Embedded solutions inevitably lead to higher design costs — not just because of the tight constraints and tradeoffs, but because miniaturization, embedded development, and debugging almost always take longer and cost more. Also, embedded systems typically need to be more rugged, which takes more engineering resources.

“Hardening can mean operating in both dark and bright environments,” Bachert says. “It can be high and low temperatures. It can also mean working with a technician that has been trained, and another that hasn’t. When it comes to higher volume embedded solutions, if there is an issue or a bug, it will be found. One-off systems don’t have to be as hardened because you know everyone who operates it will be properly trained. That’s not always the case when it comes to high-volume embedded solutions. It’s only when you have the highest volumes that a fully customized embedded solution makes sense because saving a few dollars per device will really matter.”

Making Babies the New-Fashioned Way
The machine vision market abounds with case studies of one-off microscopy solutions. French company i2S - Innovative Imaging Solutions’ recent solution for monitoring fertilized embryos illustrates medium-level embedded integration to solve a higher-volume, but not mass-market, medical application.

“When it comes to in-vitro fertilization, eggs are fertilized outside the womb,” says Xavier Datin, CEO of i2S, a company specializing in image capture and processing, applied in particular to develop embedded systems for the medical segment. “Biologists periodically load the cells into slides, load the slides into microscopes, and count the number of cells versus fragments in the embryo as a way to gauge the embryo’s development and viability. Each time the cells are transferred from the storage unit to the microscope, they are put under stress.”

i2S has developed an automated solution that leverages a custom 71-megapixel camera the company originally developed for high-speed and high-quality document scanning. The system documents the embryo’s growth over time without having to manipulate the cell.
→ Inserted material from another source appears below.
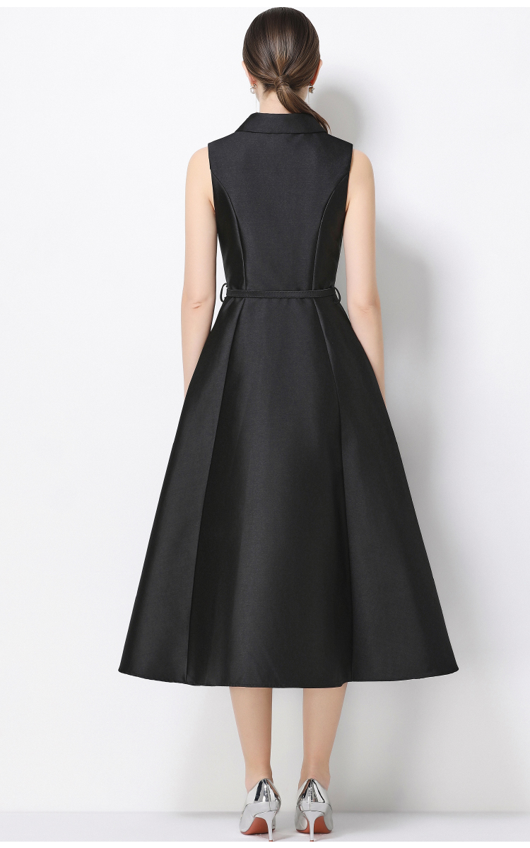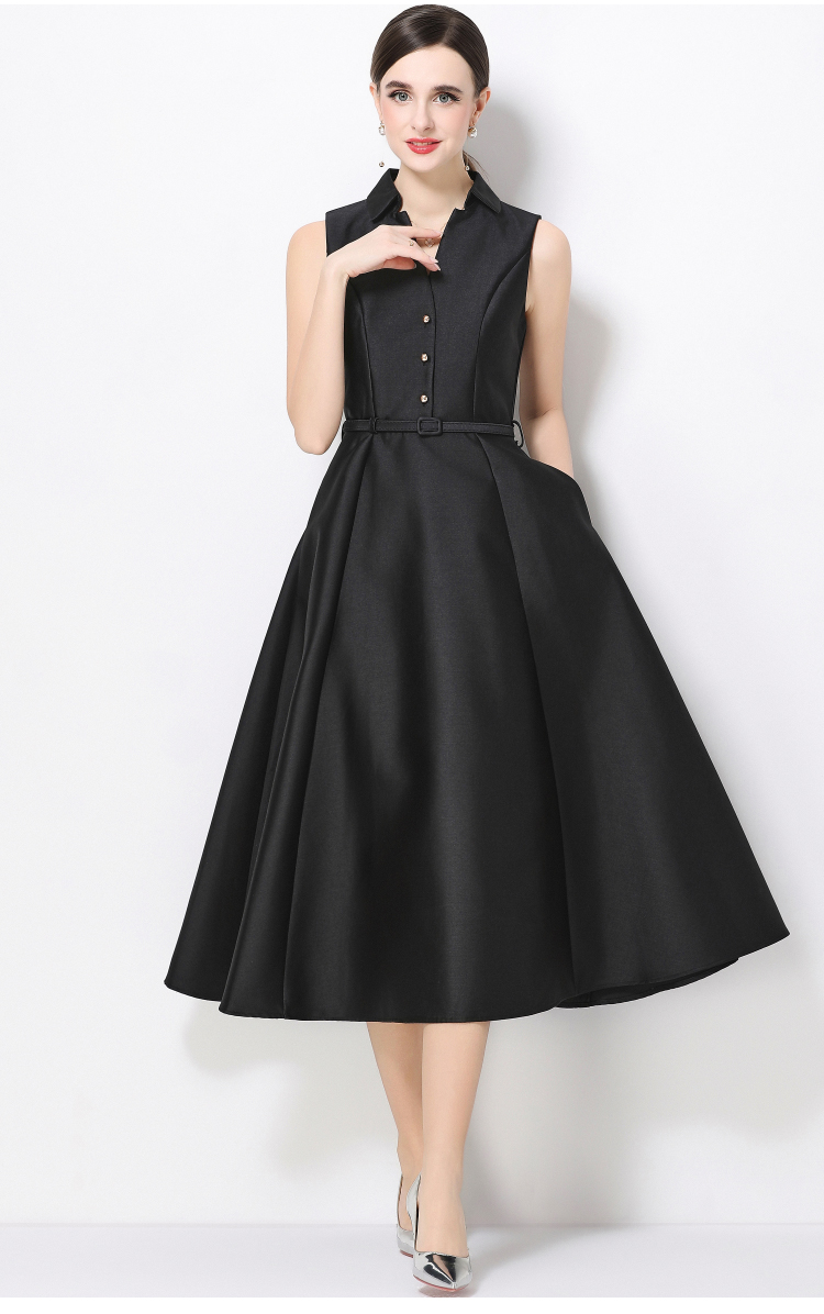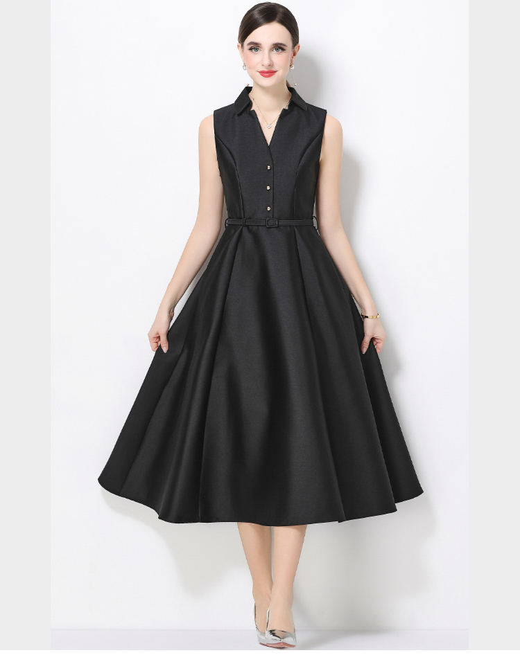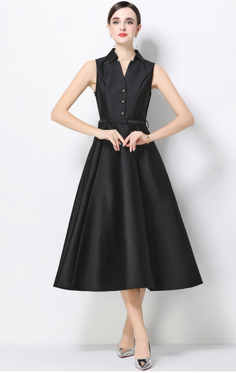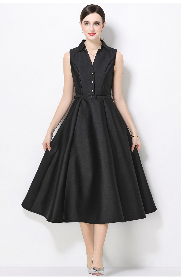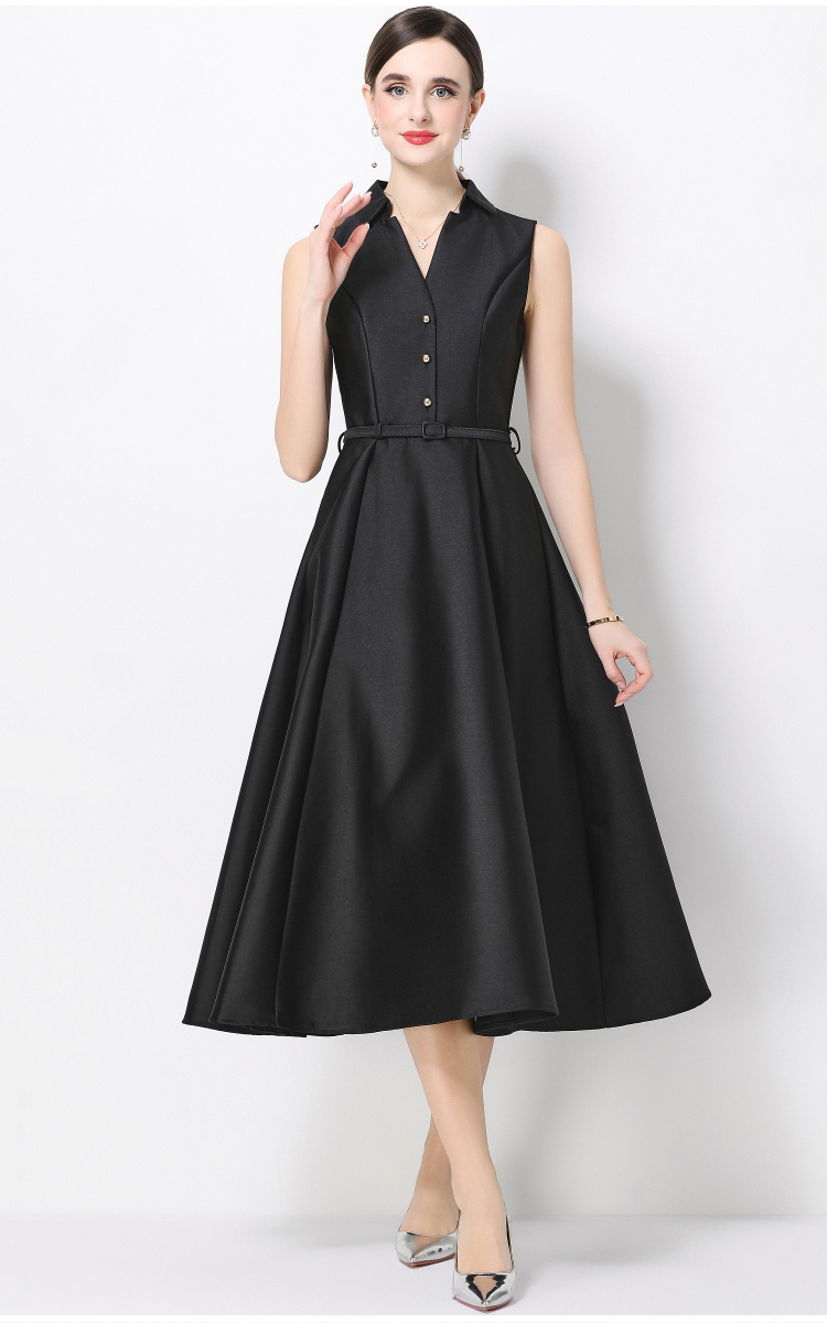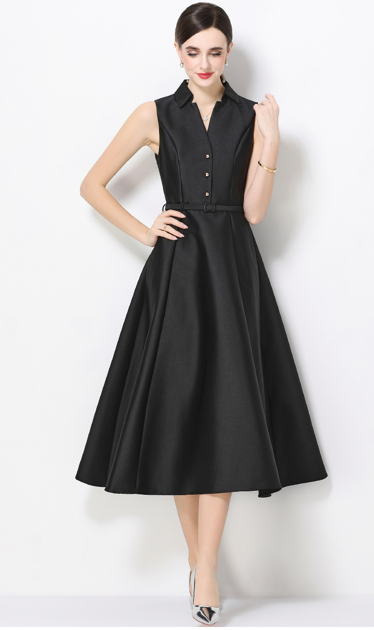 RY3208# 实拍千金风无袖翻领收腰连衣裙高腰A字裙通勤气质修身裙子配腰带

“There are a couple of systems on the market for providing this sort of service, but our ability to design high-quality image acquisition systems using specialized lighting and 3D machine vision allows us to provide much better data on embryo growth than what’s on the market today and eventually increase the chance of fertility,” Datin says.

This is just one of several automated cellular inspection systems that i2S has created for cancer, blood analysis, and related applications. Dental imaging is another growth area for embedded machine vision solutions, as more corporations offer fast 3D scanning for prosthetics and other applications.

Portable Medical Machine Vision
For high-volume applications such as portable blood analysis, market scale lends itself to a fully optimized embedded solution.

“We’ve essentially miniaturized blood analysis to a handheld portable device form factor for one of our customers,” says Prolucid’s Bachert. “The solution uses a Zynq processor with dual-ARM process plus FPGA array. We were able to port the sensor output directly to the FPGA for preprocessing, and then move the filtered data to one of the ARM cores for high-level image processing. The final ARM core provides application logic.”

In cases like this, Prolucid typically works with the customer to develop the prototype, but for the highest-volume applications, if often makes sense to take 100 percent of the product development in-house. 

To help differentiate between when it makes sense for customers to codevelop versus depend exclusively on the integrator, Bachert mentions optical coherence tomography (OCT) or magnetic resonance imaging (MRI) systems as examples.

“The customer understands their application really well in the clinical environment,” Bachert says. “But they’re not always experts in device and data, security, or communication protocol, and a lot of times they’re not strong on the core-application development side, either. Customers need to know what their core IP is and decide if they have the skills to supervise specialists in other disciplines or not. Many times, we’ll develop the platform, but the customer keeps the core IP and integrates that last step themselves.”